Anger and hatred tends to lead to poor decision making, wasted energy, a loss of your command of the mission and when trying to present a thoughtful argument, your best points tend to be overtaken by emotion.

In the months leading up to the six recent state senate recall elections in Wisconsin, I noticed that a number of political organizations who were engaging on the battlefield were not only presenting their argument from a position of Republican hatred, but were then communicating that hatred in such a way that it consumed many of the troops they were trying to motivate. Those organizations raised and spent millions of dollars. Democrats won two of those senate seats (the battle) but lost the opportunity to take control of that legislative body (the war).

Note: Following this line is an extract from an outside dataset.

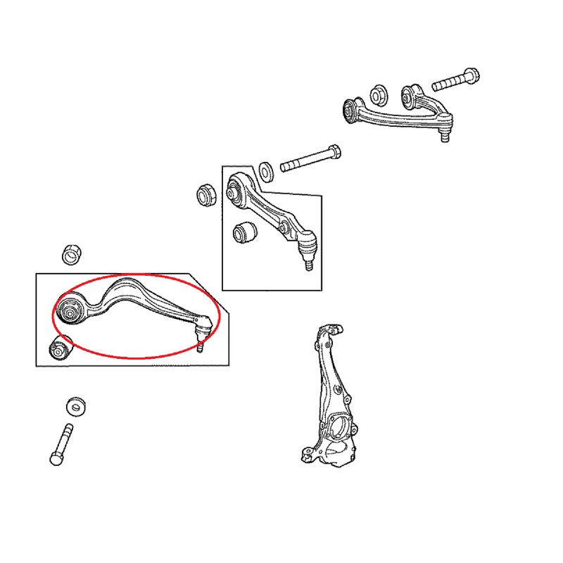 Braço inferior curvo do lado esquerdo da suspensão dianteira.
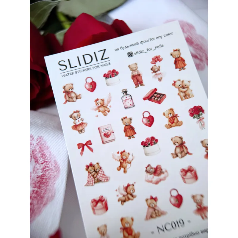 Slidery NC není třeba stříhat, jsou již zbaveny přebytečné fólie, fólie je pouze ve tvaru obrazu. Stačí jezdce nebo předřezanou skupinu prvků namočit na 10 sekund na vlhký hadřík. Pomocí štětce namočeného v gelovém základu tak, aby byl lepkavý, přeneste vzor na nehet. Takové jezdce se upevňují stejným způsobem jako běžné.

I watched the coverage of election returns on MSNBC and heard a continued hatred toward Republicans presented by a few of the figureheads of those same organizations (even after the votes had already been counted) and in turn, when Ed Schultz went to get reactions from all the dedicated activists in the crowd, 90% of their comments seemed to focus on hating Republicans.

You need only look to the recent rise and quick fall of the Tea Party. Yes, I said "fall." More and more voters are turned off by the Tea Party and what they represent.   As a result, because of their close ties to congressional Republicans, the GOP has never seen higher disapproval ratings in their history.

Certainly Democrats must present our ideas, but just as equally we must use the power of the GOP candidates own words and policies in order to win back control of Congress and many state legislature (as well as maintain the Presidency to some extent). It's called political jiu jitsu. Basically, hit them with the truth of what they believe. Nothing could make this argument more clearly than today's "truthiness" from Mitt Romney about corporations being people, my friend.

So as Democratic candidates, staff, stakeholder organizations and consultants take aim at 2012, the lesson is this: Stay focused on what matters to people, not what angers them.

If we do that, Democrats win because at the end of the day, we represent the interests of the masses and the truth will build a longer lasting movement than any flash-in-the-pan hot point.